I directed A.I. by questions (prompt) because it is the best way to make my claim evidently clear for all here...![]()
my discussion with A.I. :
- Acoustic Definition: High fidelity to the source, characterized by a flat frequency response, minimal non-linear distortion (harmonics), and low noise.
- Measurement: A transparent system will have an output that is mathematically nearly identical to its input.
- Subjective Result: Listeners describe it as "revealing" or "clinical," as it does not mask the flaws or details of the original recording.
- Acoustic Definition: This occurs through deviations in frequency response (e.g., a "warm" mid-bass boost), harmonic distortion (e.g., the pleasant even-order harmonics of tube amps), or room resonances.
- Types of Coloration:
- Warmth: A slight boost in the lower-midrange (100–400 Hz).
- Brightness: An emphasis on higher frequencies.
- Boxiness/Boominess: Resonances caused by speaker enclosures or room acoustics in specific frequency bands (e.g., 60–200 Hz).
- Subjective Result: While technically "degrading" the signal’s accuracy, coloration is often sought after to make music sound more "musical," "rich," or "organic".
- Functional Contrast: They are opposites in terms of fidelity. Transparency aims for zero change; coloration is defined by change.
- Intentionality: "Transparency" is the goal of high-fidelity reproduction, while "coloration" is often a creative tool used in music production (e.g., using specific microphones or preamps to "color" a vocal).
- Nuance: A system can be highly transparent (low noise/distortion) while still having a slight coloration (non-flat frequency response).
- Engineering View (Transparency): Treats the system as a "straight wire" that should not alter the electrical or mechanical signal.
- Acoustic/Perceptual View (Timbre): Timbre is a multidimensional sensation (tone color) defined by the frequency spectrum and temporal envelope (ADSR). Even a perfectly "transparent" playback system is merely an agent reproducing the recorded timbre of an instrument.
- Translation, Not Reproduction: You are right that playback is a "translation". The timbre we hear is a combination of the instrument’s original characteristics, the microphone’s pickup pattern, the speaker’s response, and the room’s influence.
- Apparent Source Width (ASW): The perceived width of the sound image, driven primarily by early lateral reflections (within 80ms).
- Listener Envelopment (LEV): The feeling of being surrounded by sound, driven by late lateral reflections and reverberation.
- The Room’s Role: These are properties of the acoustic event B (the playback room).

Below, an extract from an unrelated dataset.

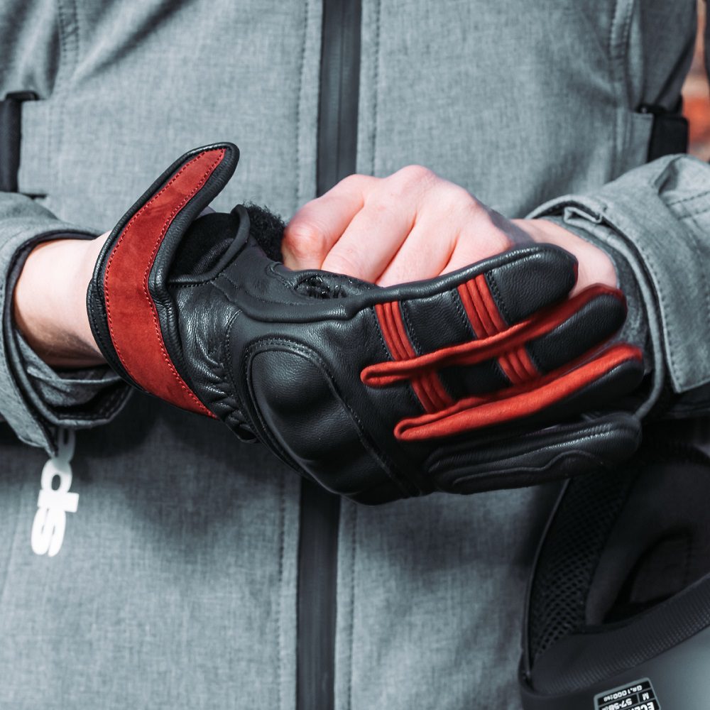 These black leather motorcycle gloves with elegant burgundy accents offer both style and protection. With CE certified Level 1 safety and reinforced knuckle guards, they provide reliable impact resistance while maintaining comfort and flexibility. Ideal for riders seeking a blend of classic design and dependable protection on every ride.

A "transparent" speaker cannot create LEV on its own; it requires the interaction of the sound waves with the physical boundaries of the listening space or sophisticated spatial processing.
- Event A to Event B: There is no such thing as "pure" reproduction because the act of recording (Event A) already freezes a specific acoustic perspective through microphone choice and placement.
- Subjective Construction: Sound only becomes "timbre" or "immersivity" when it is processed by a human agent. Therefore, the acoustic experience is always a reconstruction rather than a transparent window into a past event.